Nervioso, el primer oficial juguetea con los dedos sobre el periscopio, observa la mira, se incorpora entonces nuevamente por unos instantes, alejándose de ella, a fin de dirigir su vista directamente hacia los barcos. El viejo, que se da perfecta cuenta de su intranquilidad, pregunta, con un dejo de ironía en el voz:

—¿Tiene buena visibilidad, oficial?

Una y otra vez, el viejo dirige su rostro hacia la luna. Hasta que no puede ya retener más la amargura que hace carne en él:

—¡Deberíamos poder bajarla a tiros!

Yo centro mis esperanzas en las nubes que se apiñan en el horizonte y crecen lentamente. Hasta dentro de un rato no llegarán a la luna.

—¡Están virando a estribor! —dice el comandante. El navegante asiente. Es cierto: las sombras se han empequeñecido.

También nosotros giramos a estribor.

Estoy tan cerca del periscopio que oigo la respiración del primer oficial. Me intranquiliza no seguir viendo la sombra más clara.

—¿Qué hora es?

—¡Las veinte y veintiocho!

SEGUNDO ATAQUE

 La luna está aun más blanca y más fría. Alrededor de su rostro, bien recortado, el cielo está completamente libre de nubes. Solamente el halo propio de la luna rodea el satélite. Pero ya se acerca a él una nube, desde el horizonte. Como el puesto de avanzada de una tropa entera.

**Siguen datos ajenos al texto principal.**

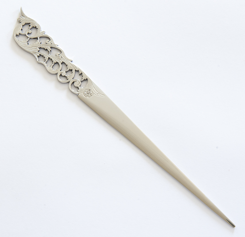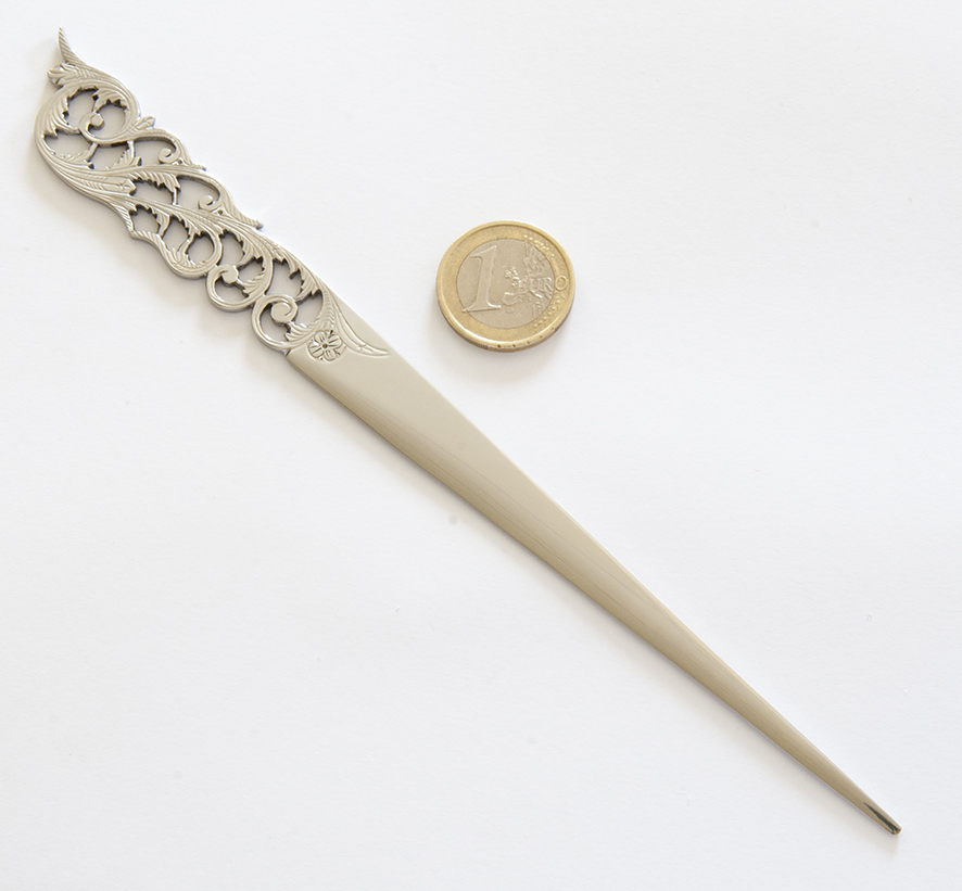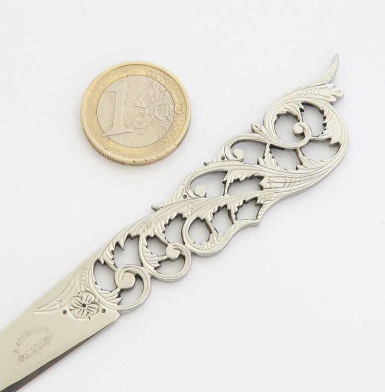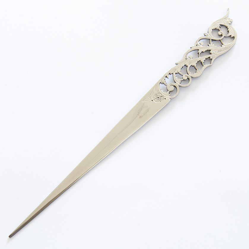 Tagliacarte apribuste con lunghezza totale di 20 cm traforato a mano da Antonio Muccino. Idea regalo elegante e di classe.
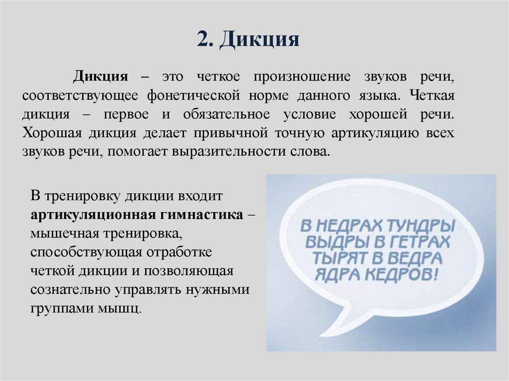 2. ДикцияДикция – это четкое произношение звуков речи,
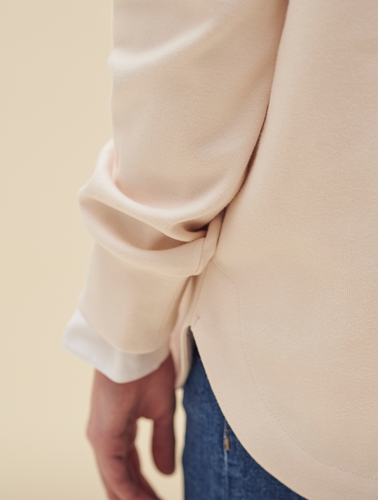 - 드롭 숄더에 여유있는 실루엣으로 편하게 매치할 수 있는 아이템입니다.

Miro la nube atentamente, sin perderla de vista. Toma el camino esperado; un rato después comienza a avanzar más lentamente, apenas si sube todavía. Se transforma, suelta hilachas, se despedaza. Se esfuma ante nuestros ojos. Niebla es todo lo que queda.

—¡Qué infamia! —se enoja el oficial navegante.

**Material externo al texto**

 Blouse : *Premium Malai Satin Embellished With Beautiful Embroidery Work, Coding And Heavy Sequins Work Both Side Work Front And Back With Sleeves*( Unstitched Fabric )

Otra nube se prepara para soltar amarras del horizonte. Es aún más grande y compacta que la anterior.

El viento la empuja algo hacia un lado, justo lo que nosotros necesitamos.

Ninguno habla, como si hablar pudiera romper la nube en pedazos.

Pongo mi mirada en el horizonte. Con los binóculos se distinguen ya claramente las diferentes partes de los barcos: proas, popas, puentes.

El comandante le ordena al primer oficial:

—¡Acercarse y disparar en seguida! ¡Después del disparo, virar a babor inmediatamente! ¡Si sube la nube, vamos ya!

El primer oficial da las indicaciones necesarias a las calculadoras, manejadas por un hombre en la torre y otro en la central.

—¡Tubos uno a cuatro preparados para disparar por encima del agua!

Los cuatro tubos aparecen por encima del mar.

El intercomunicador nos trae una voz desde el habitáculo de proa:

—¡Tubos uno a cuatro listos para disparar!

El primer oficial sigue impartiendo órdenes. Le salen limpiamente de los labios... Lo sabe hacer... Se ve que lo aprendió bien.